Friday, 4 March 2011
Spiraling Ivory Coast Violence Sends Cocoa To 32-Year High
NEW YORK (Dow Jones) - Growing international concern that the major producers of cocoa in Ivory Coast is tottering into a civil war caused futures prices to more than three decades of high on Thursday.
The increase in violence between forces loyal to the current leader Laurent Gbagbo and civilians who oppose his government is the damping possibilities for robust crops this season will be the country that supplies more than a third of cacao the world.
More than 360 people have died since the disputed November 28, 2010 elections that sparked the crisis, according to the UN.
Alassane Ouattara, the winner of elections internationally recognized, has introduced a ban on exports of cocoa to cut off funding to the government of Gbagbo. commodity firms like Cargill Inc. and Barry Callebaut AG (BARN. EB) suspended operations in response.
The benchmark price of May futures settled Thursday $ 69, or about 2% higher than $ 3,733 a tonne, its highest price since January 1979, the IntercontinentalExchange trade.
The world cocoa supplies are expected to reach a surplus of 119,000 metric tons this year compared with a deficit of 66,000 metric tons in the 2009-10 season, the London-based International Cocoa Organization, said earlier this week.
2010-11 is forecast global production of 3,938,000 tons, up 8% from the previous season, but operators and industry players focus on whether a significant portion is exported from Ivory Coast, where the possibility of casting to lose the grain growing.
Analysts estimate about 400 more. 000 tonnes of cocoa in the country are still largely tied in storage.
While prices have risen 37% in New York since the November elections, some analysts warn of a sharp drop if the export ban is lifted.
"The only thing that keeps these prices so far is the political situation in Ivory Coast," said Tom Mikulski, senior market strategist at Lind-Waldock in Chicago. "Fear premium is being pumped into the market.
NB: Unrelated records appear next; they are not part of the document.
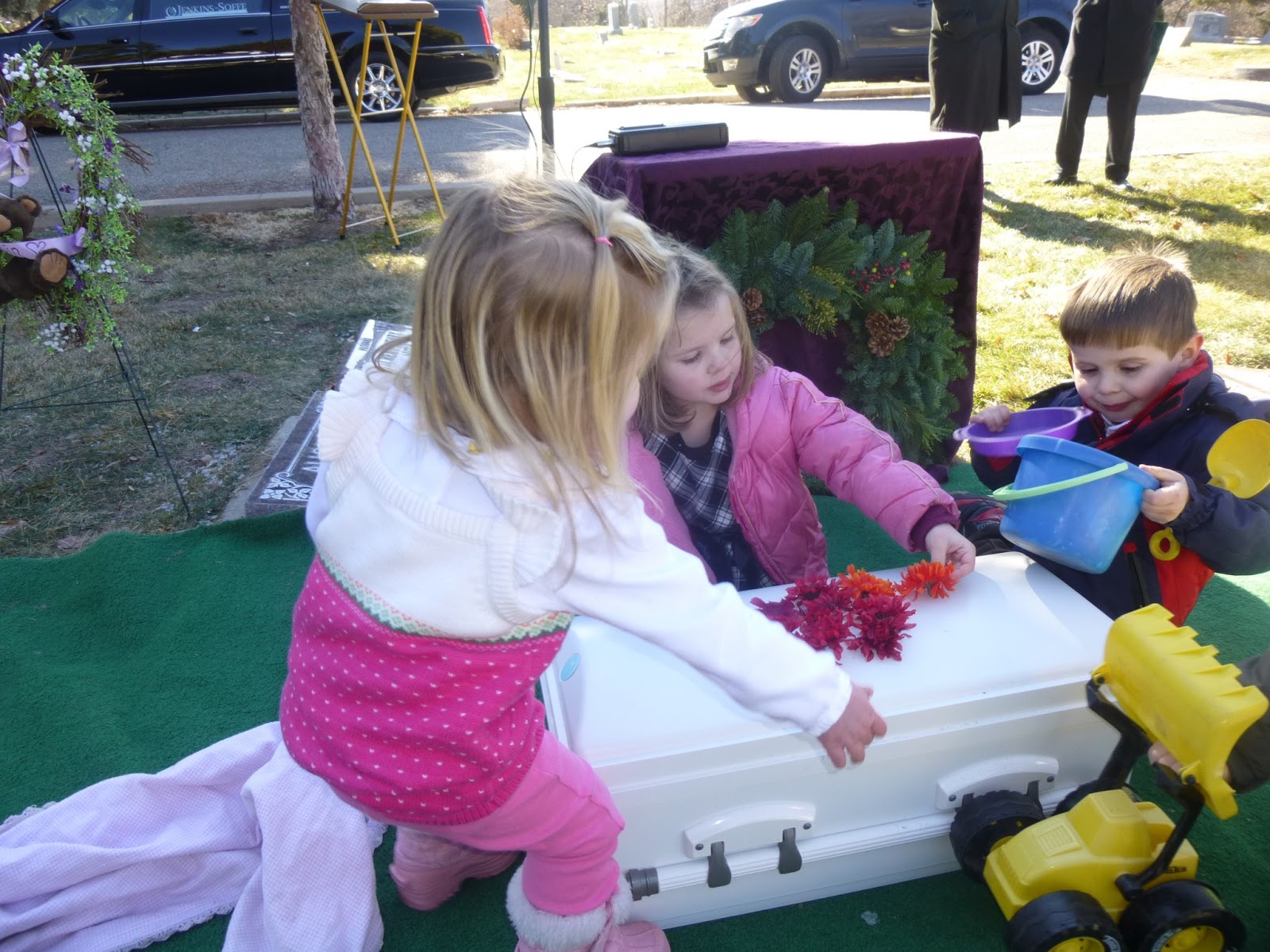 After the service the kids played around the cemetery a bit. Abby found some silk flowers (I decided not to ask her where she found them) and decorated Milli's casket with them. The kids were interested in seeing the hole she'd be buried in so the funeral directors removed the board and showed them the hole. Mike and the big kids ended up climbing down into the hole to place the casket (with the silk flowers lovingly arranged on top).
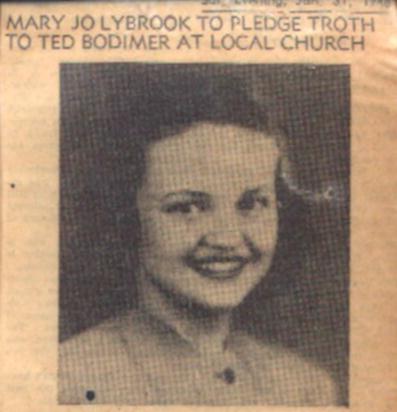 Exchanging nuptial vows in a double ring ceremony before the altar of the Ninth Street Christian Church will be Miss Mary Josephine Lybrook and Theodore B. Bodimer, at 2 o'clock Sunday afternoon. Miss Lybrook is the daughter of Dr. and Mrs. D.E. Lybrook, of Galveston route two. Parents of Mr. Bodimer are Mr. and Mrs. Gilbert E. Bodimer, 3012 North Winfield, Indianapolis.
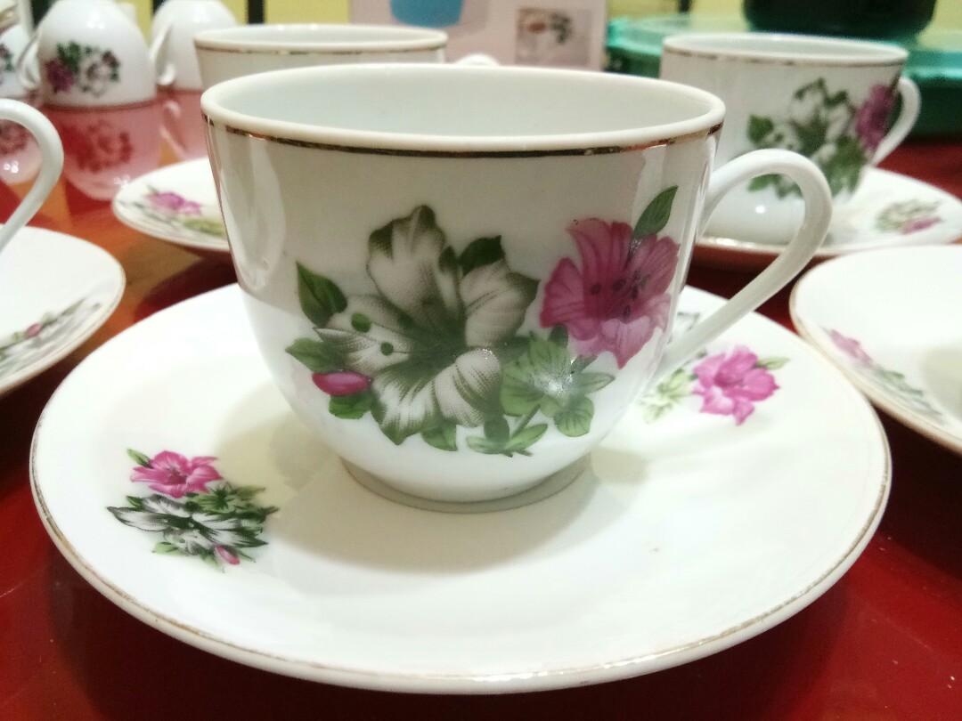 Teko Dan Cawan Kopi Set Bunga Kangkung Chinese Decor Vintage Bowls Tea Pots

As soon as the fear is gone, the price is deflated quickly."
If the political situation is not resolved soon, could have implications for the 2011-12 crop, planted between May and July.
"They have raised concerns about the future of the harvest of next year, especially given that violence may spread during the growing season and Gbagbo can still terrorize the country," said Clinton, James Francis, an analyst at Eurasia Group.
Security forces loyal to Gbagbo shot and killed six women at a rally in favor of Ouattara on Thursday, Agence France-Presse.
"The moral bankruptcy of Laurent Gbagbo, it is clear that its security forces killed demonstrators and women of his country runs out of resources", USA State Department spokesman, Philip Crowley, said in Twitter.
Funding for the harvest is also in doubt. During the past three weeks, Gbagbo took to the local units of the French banks Societe Generale SA (GLE.FR) BNP Paribas SA (BNP.FR) Standard Chartered UK PLC (STAN.LN) and the U.S. bank Citigroup Inc. (C).